Material provided:
== Segment start ==

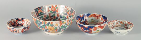 FOUR JAPANESE IMARI PORCELAIN BOWLS, largest 25cm diameter, (4).
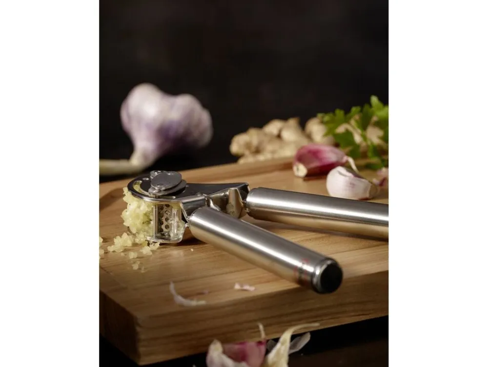 Hvidløgspresseren klarer selv hvidløg, der ikke er pillede. En særlig mekanisme sikrer, at hvidløgene presses nemt og effektivt med et minimum af kræfter. Hvidløgspresseren kan åbnes nemt helt op, når den skal rengøres under rindende vand. Tåler opvaskemaskine. (R12895)
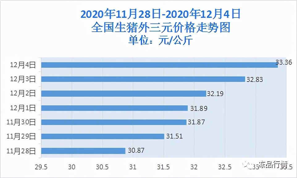 12月4日,根据养猪网数据统计全国生猪(外三元)均价33.36元/公斤,相比昨日上涨0.53元/公斤;
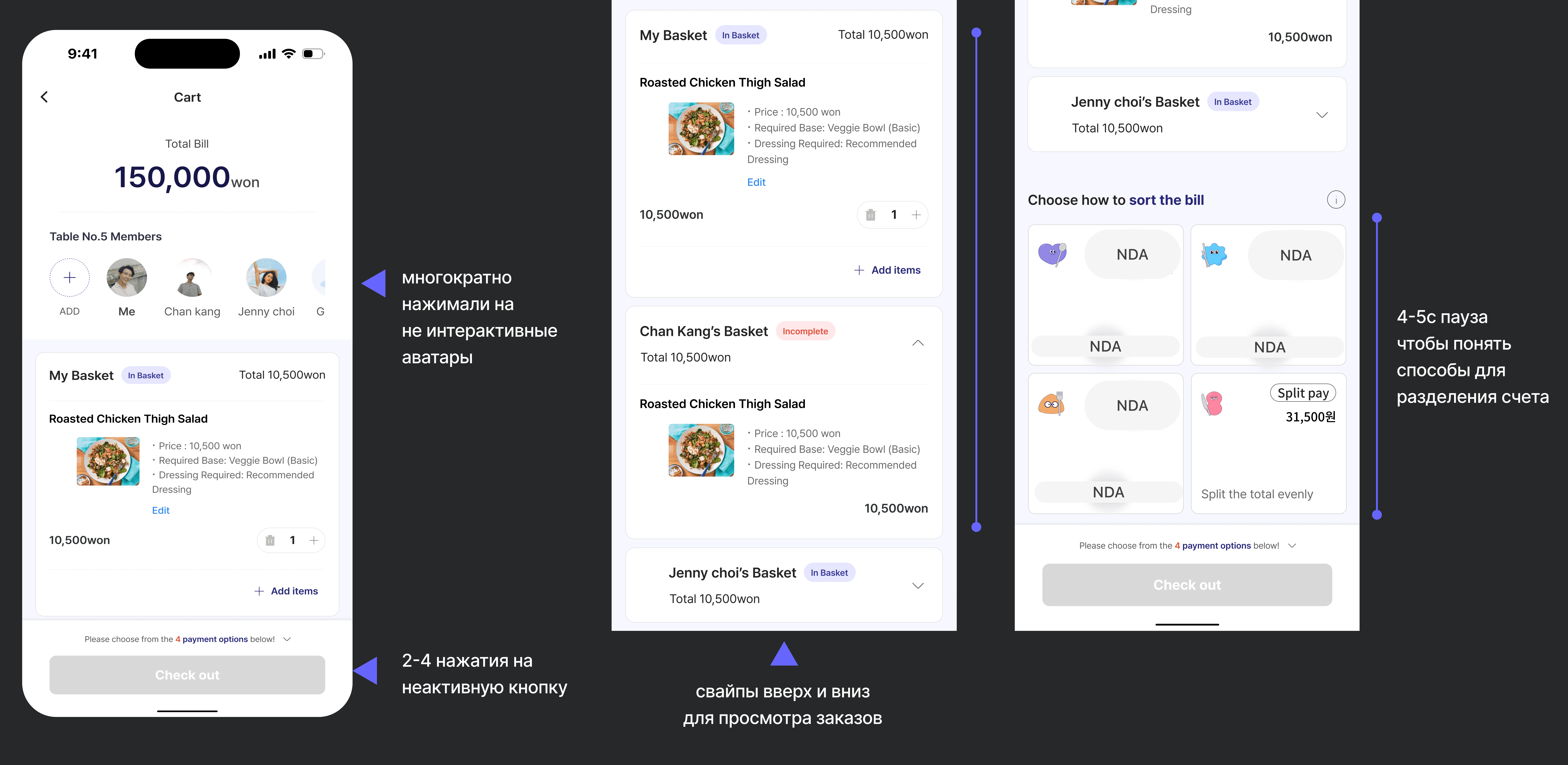 Изначальный флоу был спроектирован для максимально быстрого оформления и оплаты заказов в ресторанах группой пользователей за одним столом.

== Segment end ==

Your assignment:
Copy out the lines above unchanged. Skip the images.

Output for this task:
 FOUR JAPANESE IMARI PORCELAIN BOWLS, largest 25cm diameter, (4).
 Hvidløgspresseren klarer selv hvidløg, der ikke er pillede. En særlig mekanisme sikrer, at hvidløgene presses nemt og effektivt med et minimum af kræfter. Hvidløgspresseren kan åbnes nemt helt op, når den skal rengøres under rindende vand. Tåler opvaskemaskine. (R12895)
 12月4日,根据养猪网数据统计全国生猪(外三元)均价33.36元/公斤,相比昨日上涨0.53元/公斤;
 Изначальный флоу был спроектирован для максимально быстрого оформления и оплаты заказов в ресторанах группой пользователей за одним столом.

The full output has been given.